2013 mystery novel by Lindsey Davis

The Ides of April is a 2013 historical mystery crime novel by Lindsey Davis and the first book in the Flavia Albia Mysteries (Falco: The New Generation). Set in March and April AD 89, in the Aventine Hill area of Ancient Rome, the novel stars Flavia Albia, the British-born adopted daughter of Marcus Didius Falco (the hero of the author's 20-volume Marcus Didius Falco Mysteries series, published from 1989 to 2010). Albia, a widow, works as a "delatrix" (detective or private informer) in ancient Rome, like Falco. The book's front cover image depicts a small glass pot and a needle dipped in blood. It carries the strapline, "Falco: The New Generation".

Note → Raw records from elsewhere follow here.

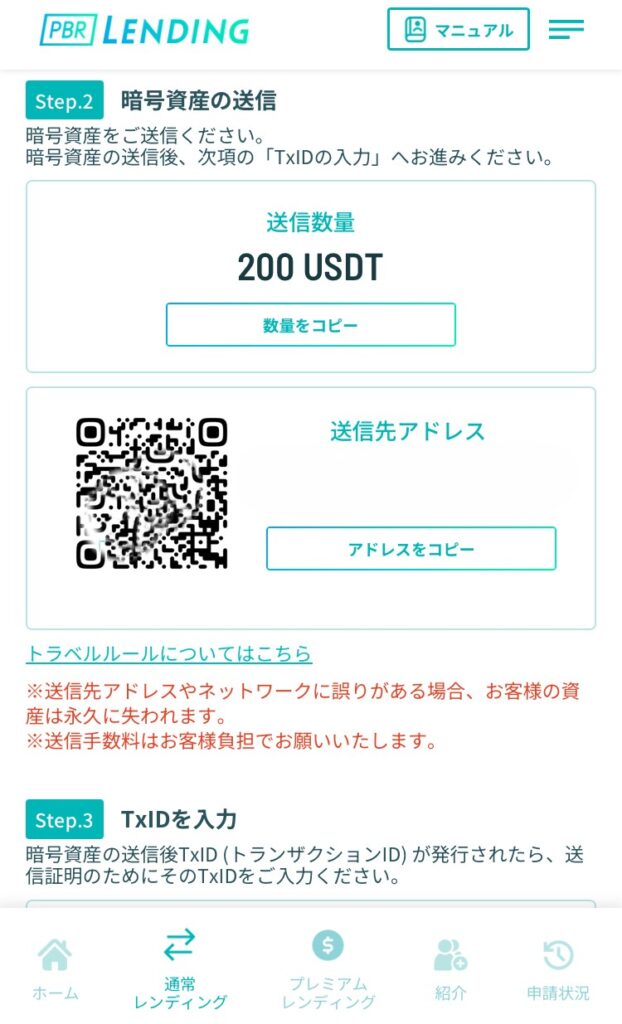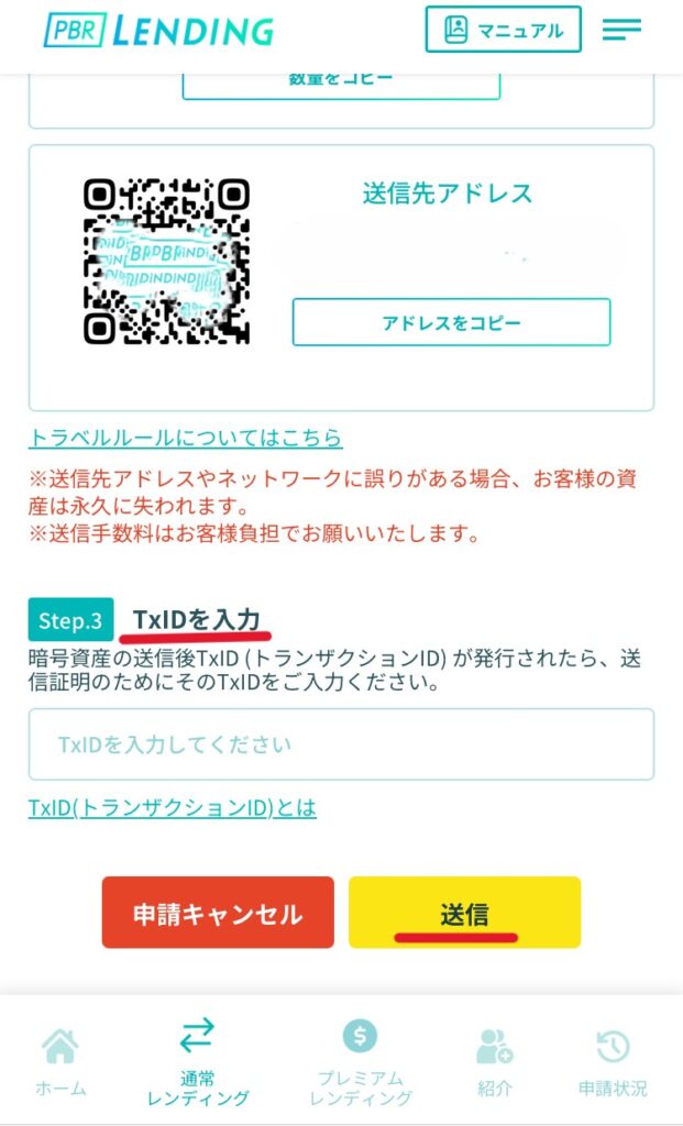 TxIDの入力が求められます。先ほど仮想通貨を送付した際に取引履歴から表示されたものを入力して、送信をタップすると貸出完了です。
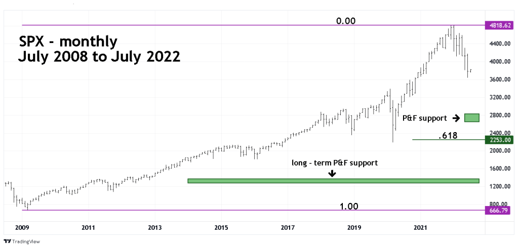 If the bear move that began in January 2022 continues and does not find support in the PF zone of 2,650 to 2,830, its possible it could reach the 2,200 area before the end of the year.
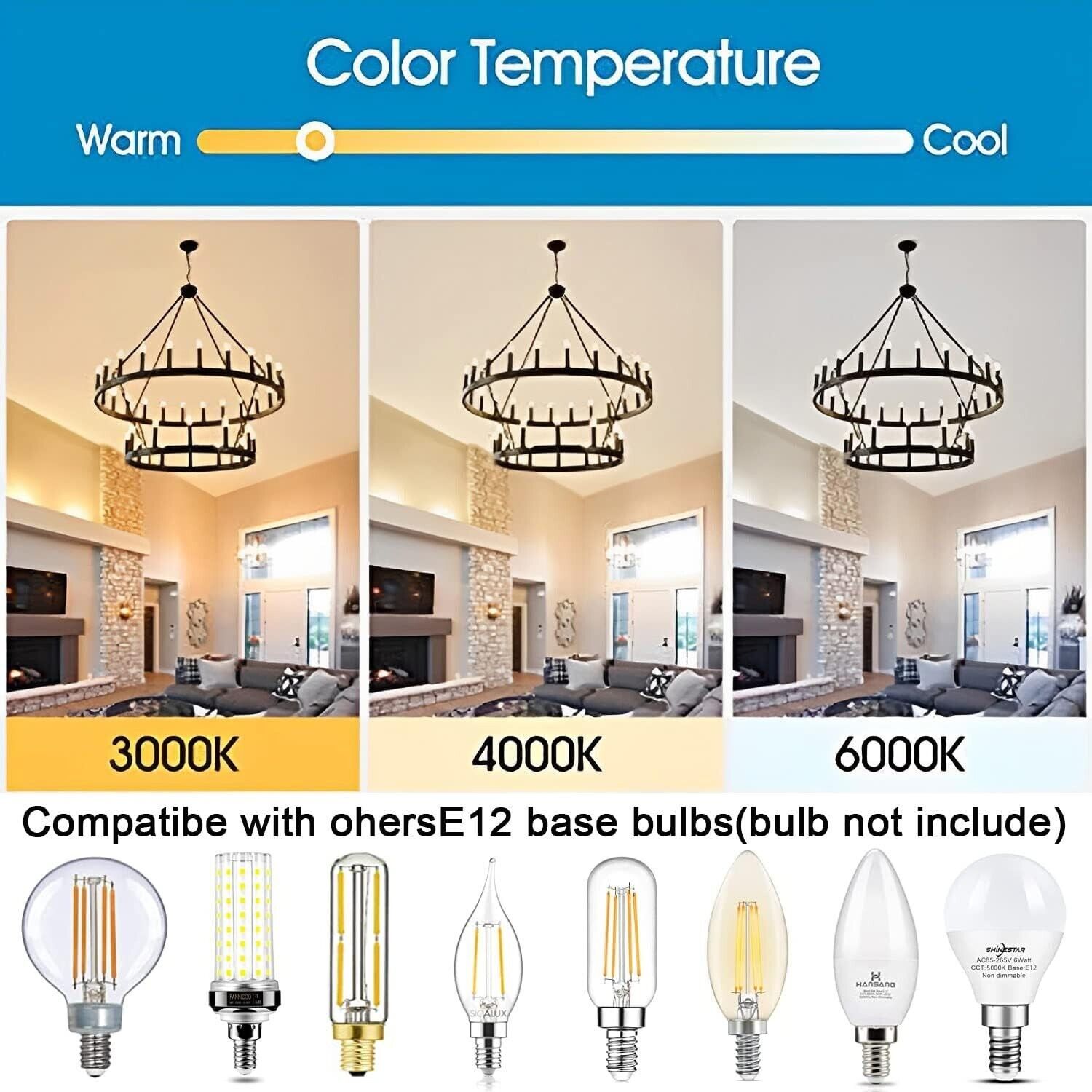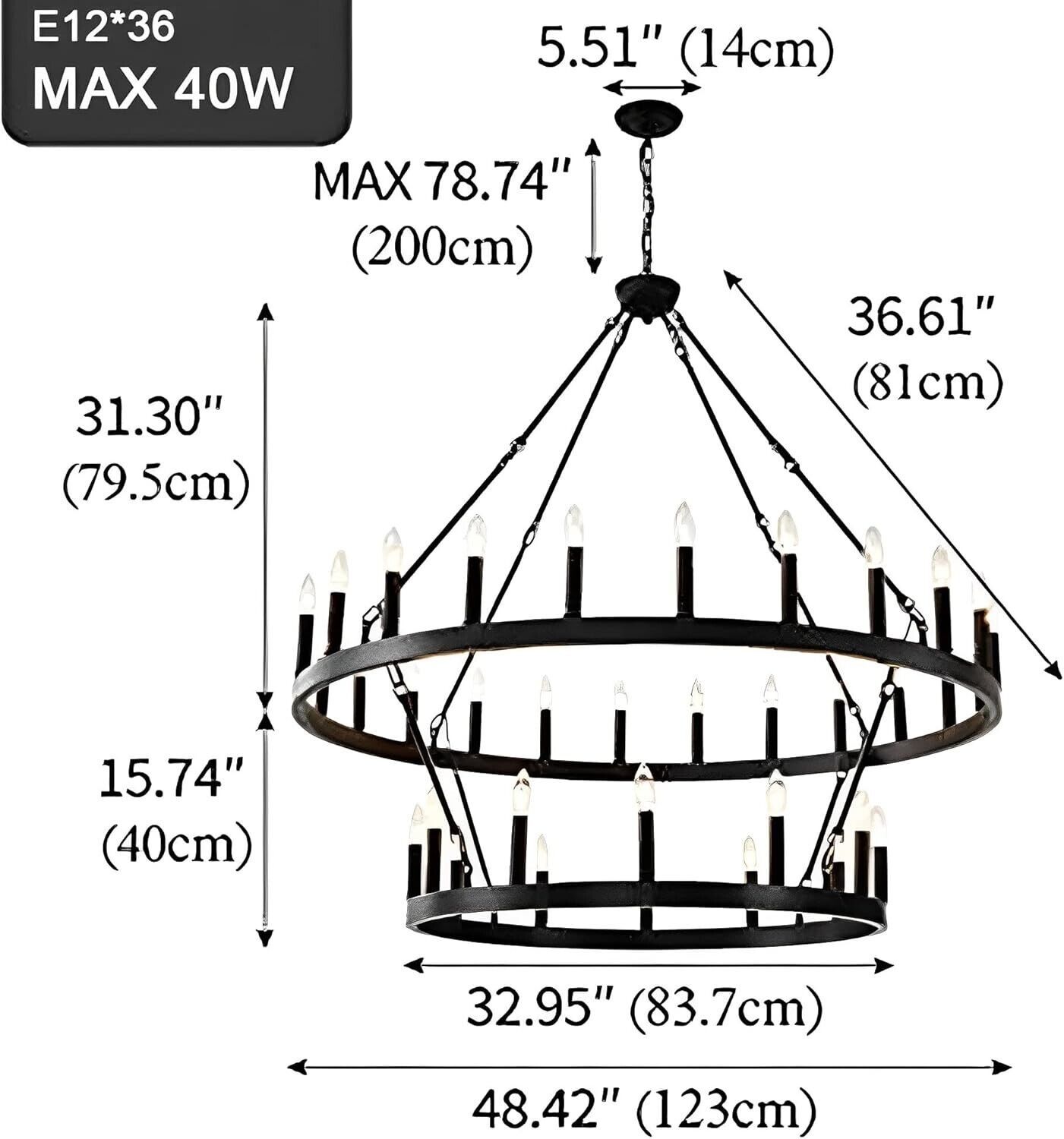 ?Large Farmhouse Rustic Chandelier Bulb Requirements? E12x36-Light design provides 360 light coverage with a maximum 40W bulb (not included) making it the perfect addition to a dining area or front door entryway. Compatible with a variety of bulbs such as incandescent, LED, CFL and halogen bulbs.

==Connections to the Falco series==
Falco and his partner Helena are included in the "Cast list" in the book, and Flavia Albia describes them and their household and visits them during the course of the story, but they do not appear directly in the text. Helena's two brothers are mentioned as being lawyers. Falco's old friend Petro is not mentioned in the cast list, but is referred to as Flavia Albia's "uncle" in the text.

Falco's young brother Postumus, the result of Thalia's pregnancy in Nemesis, is now an awkward 11-year-old, who appears in the book.

Flavia Albia uses Falco's old apartment in Fountain Court as her office, and lives elsewhere in the same building. In Enemies at Home, it is revealed that the Didii bought over the Fountain Court block, possibly from Smaractus, Falco's former landlord.

==Reception==
The Irish Times reviewer wrote: "Irreverent, resourceful and hard-boiled in her patter, Flavia is a heroine to rival her contemporary counterparts VI Warshawski and Kinsey Milhone." Tom Holland reviewed the book for The Guardian and ended:
"If you want to see the worst manners, filthiest motives and saddest ethics," [Albia] says of her own line of work, "this is the profession." Thankfully, though – and as ever with a Davis novel – the narration of these horrors is done so delightfully that the final impression is curiously warm and uplifting.
— Tom Holland, The Guardian

Debra Craine, writing in The Times, included The Ides of April in her list of ten "best crime novels by women since 2000".